I love vector because of the flexibility in workflow that it affords. I am constantly tweaking composition and color and I think I'd drive myself utterly crazy if I were working in traditional media. I find myself thinking in Illustrator nowadays, meaning I can get away with doing a very loose sketch (if time constraints dictate) and flesh out most of the job once on the computer.
My poster projects almost always require some serious sketching, and much to the chagrin of some clients, I almost never draw all of the characters on the same page. I find that drawing them separately without worrying about smudging the rest of the drawing or driving myself batty with composition concerns allows me to focus on each character.
9. What is your favorite Adobe Illustrator tip, trick, or technique? Any other indispensable tools in your analog or digital arsenal?
Favorite Illustrator technique: gradients set to multiply mode. yeah, I know it's simple, but see-through shadows add so much life to an image.
10. Any secrets lurking in the back of your brain?
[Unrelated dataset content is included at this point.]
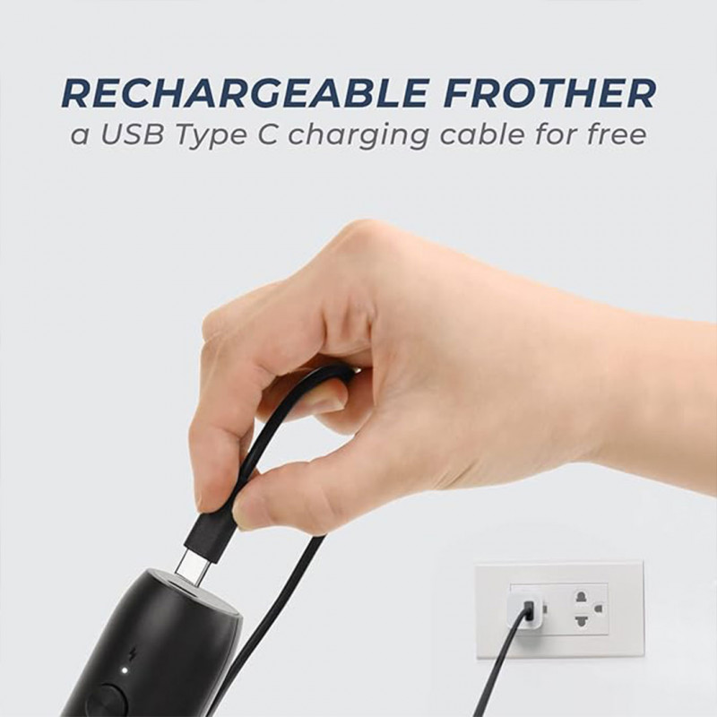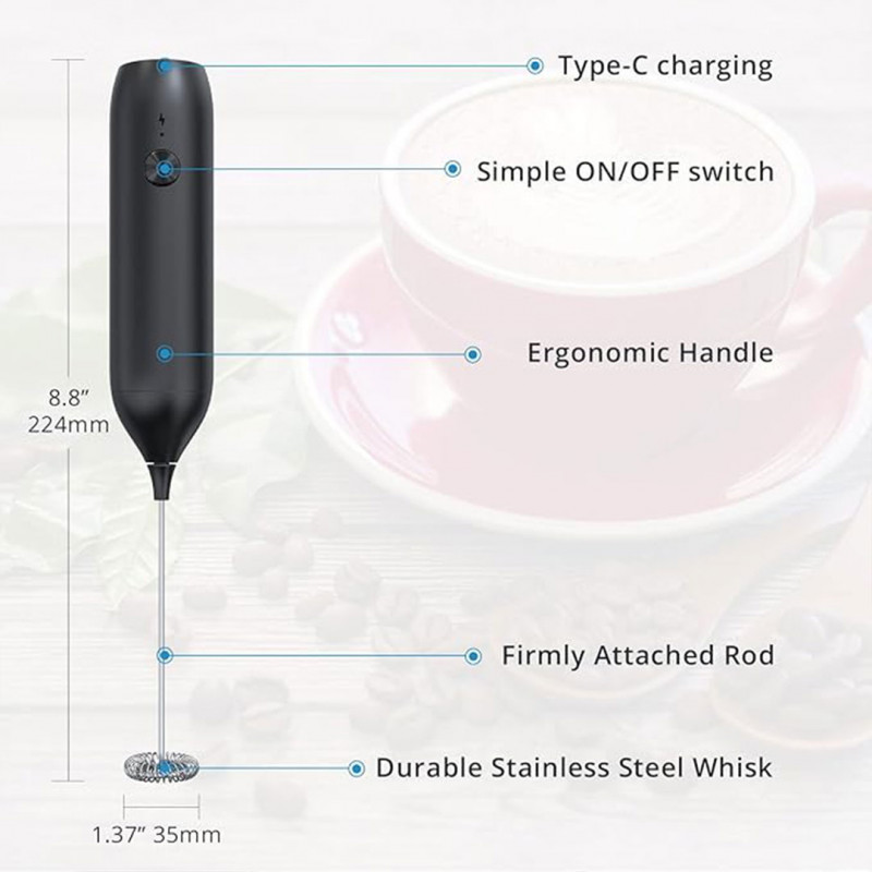 • Handheld milk frothers one-touch push button switch, handle is designed with index finger grooves to prevent the milk frother from slipping out of your hand, simply place it into a 1/3 container with liquid food and it will form a perfect froth.

Or the front for that matter?
I've never seen Caddyshack. Top Gun is overrated. I'm a fan of Terminator 3.
11. Thanks for the interview Tom! Is there any advice that you'd like to give aspiring illustrators and designer who are working hard to grow professionally?
Vector programs are tools (and powerful ones at that) to help you realize your vision, but don't forget the basics: drawing, composition, color...that's where the heart of the illustration lies!